A nivel regional, el artículo 16 de la Decisión 351 de 1993 de la Comunidad Andina establece este derecho. Sin embargo, a diferencia del Convenio de Berna, el Tribunal de la Comunidad ha establecido que es obligación de los Estados miembros su regulación. Dando cumplimiento a la normativa regional, EcuadorPerú y Bolivia han adoptado el derecho en su legislación nacional. Colombia, lamentablemente, sigue siendo el único estado miembro que aún no lo ha reconocido ni ha presentado una discusión profunda a nivel institucional.

Para la Dirección Nacional de Derecho de Autor parece ser un derecho opcional, mientras que la Corte Constitucional lo reconoce como un derecho de autor de mera remuneración. De acuerdo con la Corte, este derecho busca una distribución justa de los ingresos derivados de la explotación de la creación intelectual, promueve su producción, sirve al interés público y fomenta el principio de solidaridad en el sector artístico, caracterizado por salarios bajos y largos periodos de inactividad.

A pesar de lo anterior, ninguna autoridad (nacional o regional) ha profundizado la esencia del derecho de participación. Una desventaja adicional es que en Colombia no existe ninguna sociedad colectiva de artistas visuales que facilite la difusión, promoción de iniciativas y el compromiso del gobierno con su adopción.
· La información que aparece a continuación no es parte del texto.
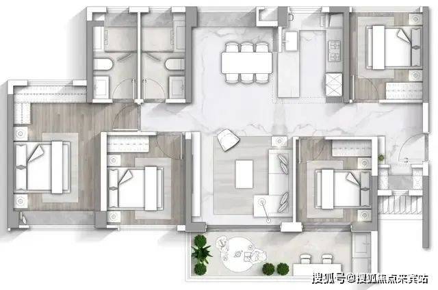 88平做到四房两卫双开间阳台,实用率去到130%,使用面积可以去到110平!!

Con el marco legal a nivel internacional y regional, el desarrollo de la Corte Constitucional en la protección de los artistas a través de los derechos de remuneración y el crecimiento del mercado del arte nacional, no hay justificación para que Colombia siga sin implementar el derecho de participación. Las condiciones en el mercado del arte han cambiado, y los derechos de los artistas deben actualizarse teniendo en cuenta las nuevas dinámicas comerciales. Así lo ha reconocido la Unesco a través de la Recomendación relativa a la Condición del Artista.

Es hora de que Colombia salde la deuda con los artistas plásticos e implemente el derecho de participación con el menor impacto posible en este mercado emergente. Un marco normativo claro, diseñado para el mercado del arte colombiano, logrará reivindicar el trabajo de los artistas, reforzar la relación entre el autor y su obra y otorgar a los artistas plásticos una protección equivalente, no solo con otros creadores en Colombia, sino con otros artistas visuales en los más de 80 países que, hoy, cuentan con este derecho.